In July 2018, textile design students Arjunvir Singh and Rashi Sharma wanted to spend their college fieldwork documenting Suzani embroidery in Kashmir. Their faculty at the National Institute of Design (NID), Ahmedabad, rejected the proposal.
The brief required a craft from their home states, so the two settled on Khes, a Punjabi textile they considered too ordinary to count as a craft worth studying. That reluctant choice became the most significant work of their academic lives.
A textile too common to be noticed
Khes is a handwoven cotton fabric from undivided Punjab, used as a bedcover, shawl, and light blanket, and woven with yarn coarser than that used for dhurries but finer than khaddar. It also formed a key part of a bride’s trousseau.
While researching it, Arjunvir and Rashi encountered an unfamiliar term: Majnu Khes, woven in a compound double-cloth structure they had never seen produced on a Punjabi pit loom without a jacquard machine.
Khes is a cotton fabric patterned with stripes and plaids
Curious, they set out to track it down across Jalandhar, Nakodar, Amritsar, Chandigarh, Patiala, Ludhiana, and Panipat. No one, not even practising weavers, had heard the name.
Found in a trunk at home
The search ended at Arjunvir’s own house in Jalandhar. His mother retrieved a fabric from an old trunk, one his grandfather had treasured and never let anyone use. It was a Majnu Khes, likely older than Partition itself.
The discovery raised a sharper question: what if this weave had never existed in the part of Punjab that is now in India at all? Reaching out to family and neighbours, the duo found that everyone who owned a Majnu piece had migrated from West Punjab to East Punjab during the 1947 exodus.
Family heirloom stories like this one keep surfacing across Punjabi households, each trunk holding its own quiet record of what survived the crossing.
Building the record, one interview at a time
The classroom project ended in November 2018, but the two carried it forward as The Khes Project and resumed it as their graduation thesis in January 2020. Khes, they learned, falls into three types by weave complexity: Saada, Gumti, and Majnu, the last requiring a professional loom setup too intricate for home weaving.
Portraits of Satinder Kaur, Joginder Kaur, and Tejinder Kaur, who are partition migrants interviewed by the duo
Interviews with Partition survivors Satinder Kaur, Joginder Kaur, and Tejinder Kaur filled in what objects alone could not. Majnu, they learned, was reserved for special guests and considered “khas,” meaning special, because it was bought from professional weavers called Julahas rather than woven at home like simpler Khes varieties.
Before the pandemic halted further field visits, the two had built a small but rigorous dataset: ownership of a Majnu piece correlated almost entirely with a family’s migration history, evidence that the weave had vanished from India, not merely faded.
Following the thread to Pakistan
Through faculty contacts, they reached Noorjehan Bilgrami, a Karachi-based textile researcher and founding member of the Indus Valley School of Design, who connected them to Zeb Tariq, whose 1990s thesis on Khes offered rare documentation of Majnu motifs.

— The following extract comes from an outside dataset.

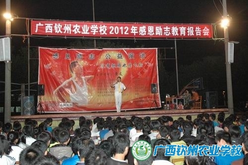 11月14日晚,感恩励志教育报告会在我校大操场举行。大会邀请了岑溪籍激励师专家黄友先生进行感恩教育的演讲。学校领导伍国樑校长、覃一静副校长、周家立副校长等出席并聆听了演讲。

Bilgrami’s network led further still to Iram Ansari in Lahore and Sohail Tareen in Multan, who confirmed Majnu Khes is still produced in Pakistan, though now mostly on power looms, with a visible drop in quality from the old handwoven pieces.
Khes weaving took place across the entire belt from Sindh to West Punjab to East Punjab, and the intricacy of the weave decreased as one moved towards East Punjab.
Weavers working with Tareen agreed to hand-weave fresh Majnu samples for the project, and a Lungi weaver named Rasool Bakhsh wove pieces in Sindh based on motifs the students sent across, testing whether old patterns could still translate from photograph to loom. With no direct courier route between the two countries, one package reached India via Dubai, the other via London, a roundabout journey for a textile separated by a border just a few hundred kilometres wide.
What the documentation adds up to
The pandemic shelved the exhibition the duo had planned around their archive, but the research itself, oral histories, motif records, and newly woven samples, remain the most detailed account of Majnu Khes available anywhere.
It does not bring the weave back to Indian looms. What it does is settle, with evidence rather than folklore, exactly how and why a working craft tradition disappeared from one side of a border while surviving, faintly, on the other.
Other efforts to keep Punjab’s handloom heritage alive and revivals of near-extinct Indian weaves elsewhere depend on exactly this kind of groundwork. Before a craft can be rebuilt, someone has to first prove it was lost, and find out precisely where.